To the Blanche Springs and the Coward (a trifle over 500 miles) should be an interesting holiday cycle-journey for Adelaideans. They could time themselves to rail it back.

* * * *

Procured a fly-veil here. Should have had one before this; my eyes are already sore from the persistent attentions of swarming, irritating flies. Dinner; and then still northwards.

The Coward track, speaking generally, proved bad. Sand, loose stones; very rough, and ill defined. Terribly trying on the bicycle; but Diamond is staunch. We are fast friends already; and in the oppressive silence I find myself familiarly addressing the steel-ribbed skeleton with words of comfort and encouragement.

By the time I arrived at some cottages (The Beresford or Strangways Springs) it wanted only a couple of hours or so to sundown. Beyond loomed up sandhills, continuing, according to local accounts, in "an unbroken chain for fully five miles." As William Creek was my proposed destination for the day—or, rather, night—I went on, after having enjoyed the proverbial hospitality of another "travelling gang" of navvies.

When the railway cuttings were being put through these rolling hills, it was prophesied that in a very short time the loose sand would blow in again, and that its removal would be a constant source of expense. But by fencing off three chains or so on either side, cattle and horses were prevented from cutting up the surface; herbage grew, and the sand now shifts but little.

* * * *

Here snakes breed unmolested. I saw several as I dragged myself and Diamond along. On coming to a particularly steep hill, I resolved to keep on the railway metal, rather than go up. To my pleased surprise the ballast was of the gravelly sort for a few hundred yards, and I was able to mount and ride through the cutting between the rails.

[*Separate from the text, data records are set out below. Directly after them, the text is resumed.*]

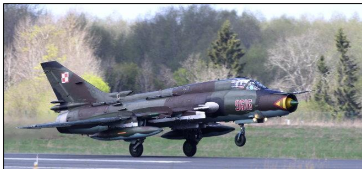
Fig. 3. Polish Su-22 in exercise “Spring Storm“ in Amari air base in Estonia (May 2013).
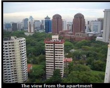
The view from the apartment

We landed at Changi airport, went through Immigration, picked up our luggage without a problem and were met by Suzie's friend Caitlyn.
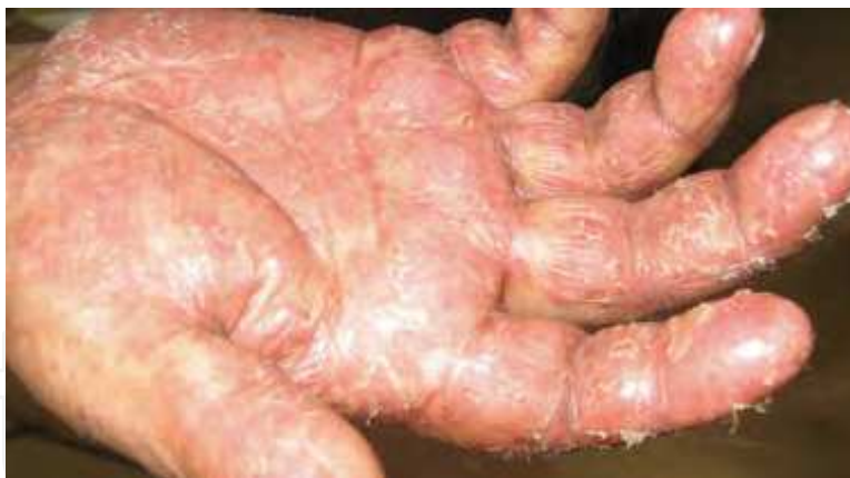
Fig. 10. Fishing rod dermatitis. Erythematous, scaly plaques on the hand (Tlougan et al. , 2010c). Reproduced with permission from International Journal of Dermatology .

Clinical presentation. Individuals present with unilateral erythematous, scaly hand plaques (Tlougan et al. , 2010c).
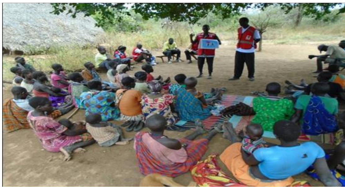
Measles awareness by SSRC volunteers in Madweny village -Ikwoto on 21 November 2019

439,890 (254,278 female and 185,612 male) people reached with Health Promotion Messages
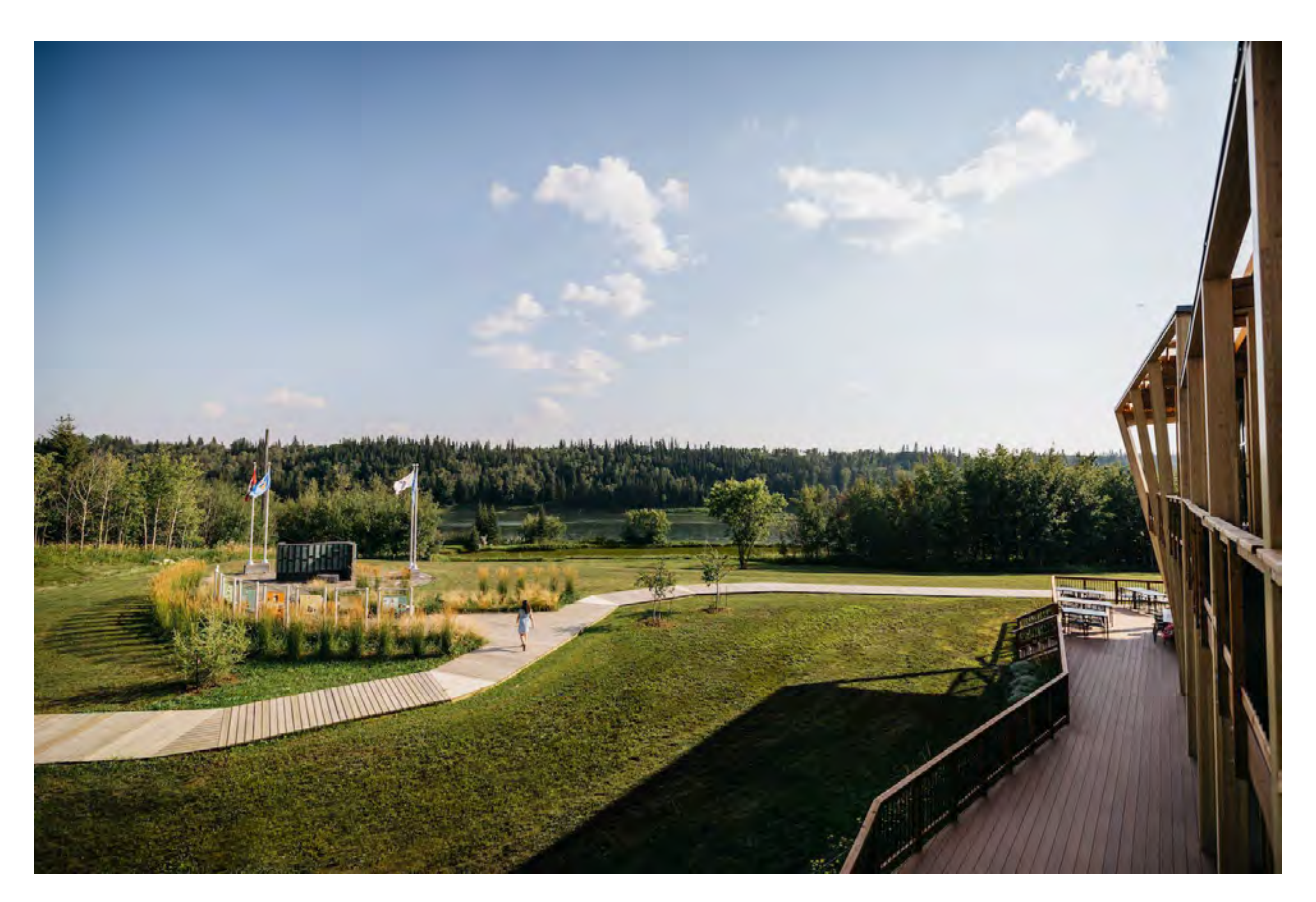
The veteran's monument — made of concrete, aluminum, glass and paver stones with landscaping — commemorates the Métis soldiers who fought for the rights of their own people and, in our own time, for Canada and its allies.
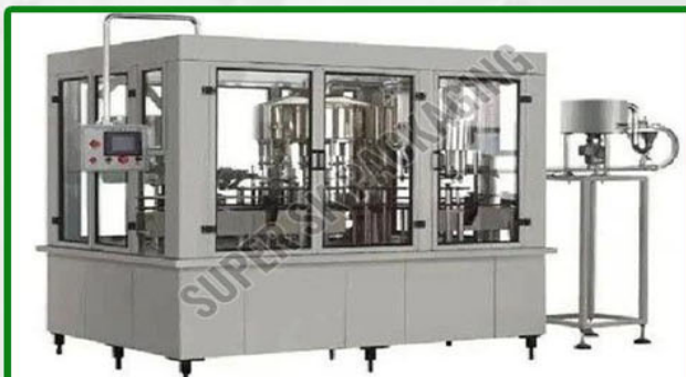
90 BPM water plant

Business Type : Manufacturer, Exporter, Supplier, Trader Material : Stainless Steel Driven Type : Electric Automatic Grade : Automatic Capacity : 120 BPM Country of Origin : India
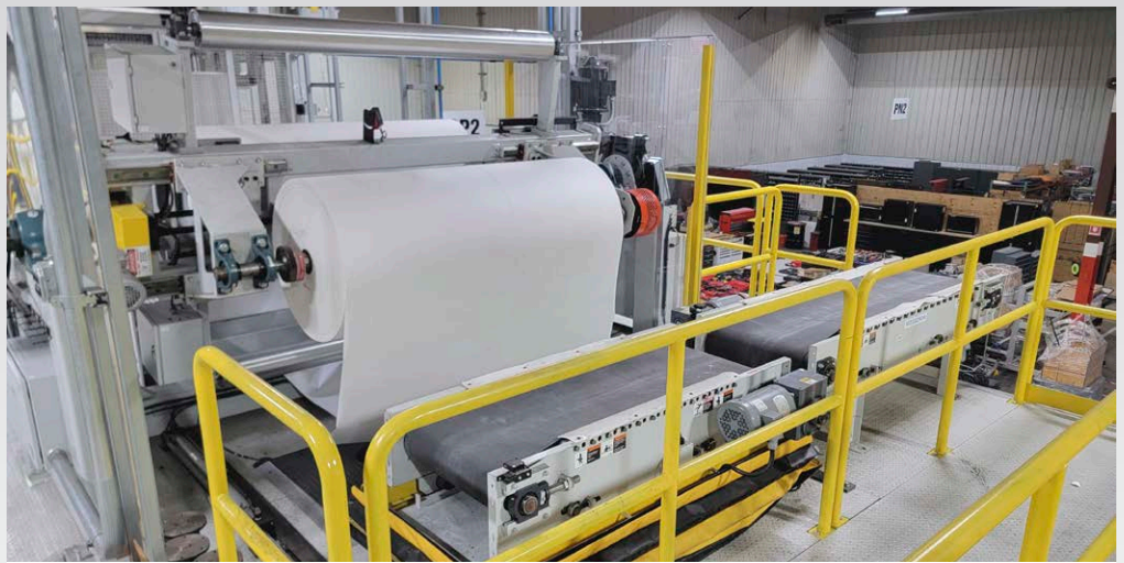
Paper Let-Off Station

(3) 2023 - Jiangsu Tangshi Textile Machinery Group #TS008 Series High Speed (Soft/Hard) Winding Machines, Max Speed 1000 m/min, 128 Stations; (2) Unused

Outside the cutting began a steep embankment, with a culvert so close to me that I was just about to dismount and lead the machine across, when a dark streak, stretching at right angles to the front wheel, filled my eye.

It seemed to me in the shadow (the sun was low down in the horizon, and out of sight behind the sandhills) that a rabbit had from the centre kicked the loose pebbly material over the rails on either side; and not till I was within a foot of the thing did I make it out to be what it really was—a long snake.